* [YOUR ASSIGNMENT]:
Print each line exactly, from the one with "从媒体的梳理来看,2010年,李嘉诚斥资91亿美元收购英国电网;" to the very last line of the listing, and keep the pictures out.

* [DATA UNDER STUDY]:
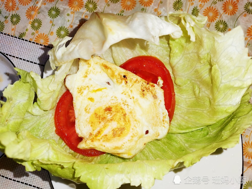 材料准备好后,就可以开始做三明治了,首先,把生菜弯曲的那一面朝上,往生菜叶子上挤上一些番茄酱,放入两片番茄,铺上煎鸡蛋。
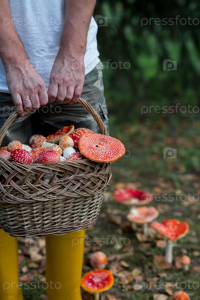 Ядовитые красные дикие грибы в плетеновой корзине и грибные ножки в желтых сапогах. Подборка лягушек. Микродоза отравления ядом или грибами
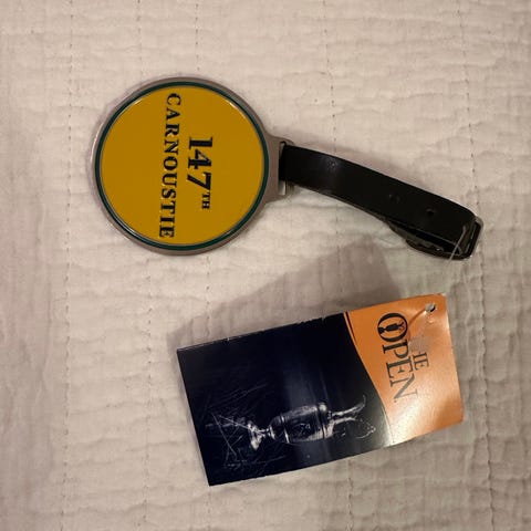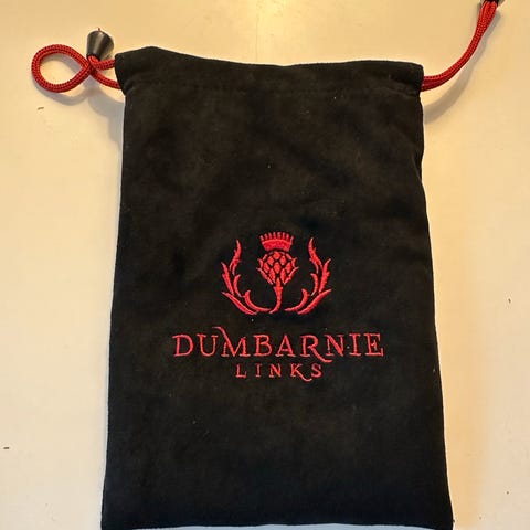Kingsbarns lahjasetti sisältää pussukan merkkareille, tiille, palloille ja griinihaarukalle.
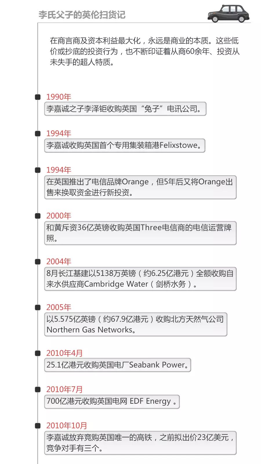 从媒体的梳理来看,2010年,李嘉诚斥资91亿美元收购英国电网;
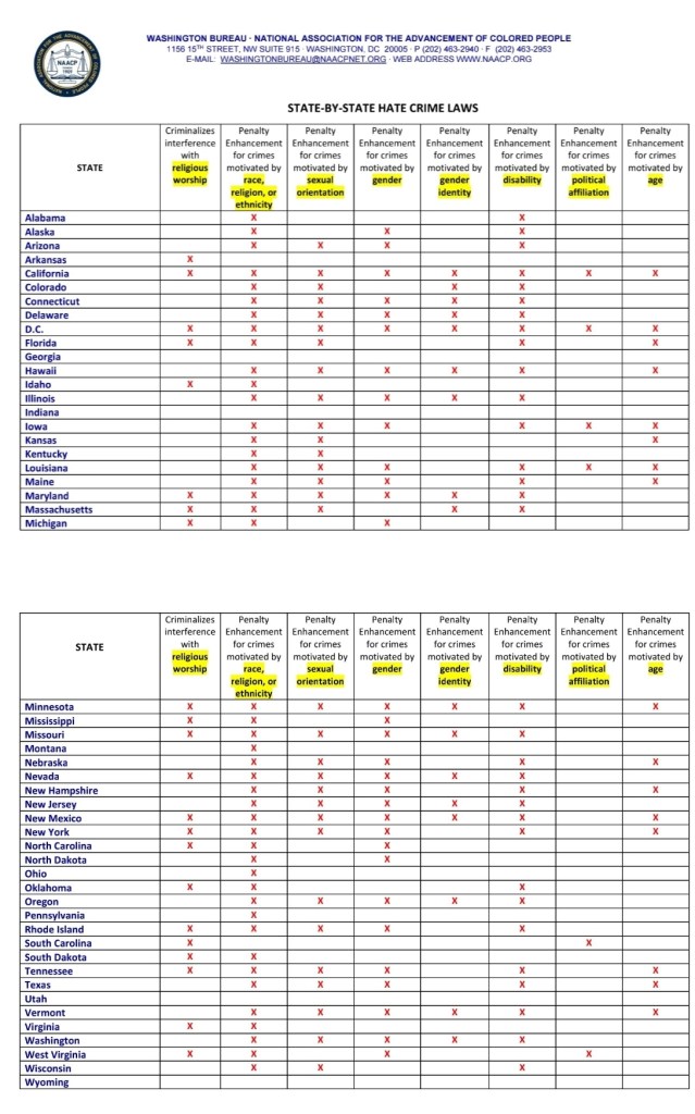 The following chart shows State by State, which Hate Crimes are are criminally recognized and enforceable.

* [WRITTEN RESPONSE]:
 从媒体的梳理来看,2010年,李嘉诚斥资91亿美元收购英国电网;
 The following chart shows State by State, which Hate Crimes are are criminally recognized and enforceable.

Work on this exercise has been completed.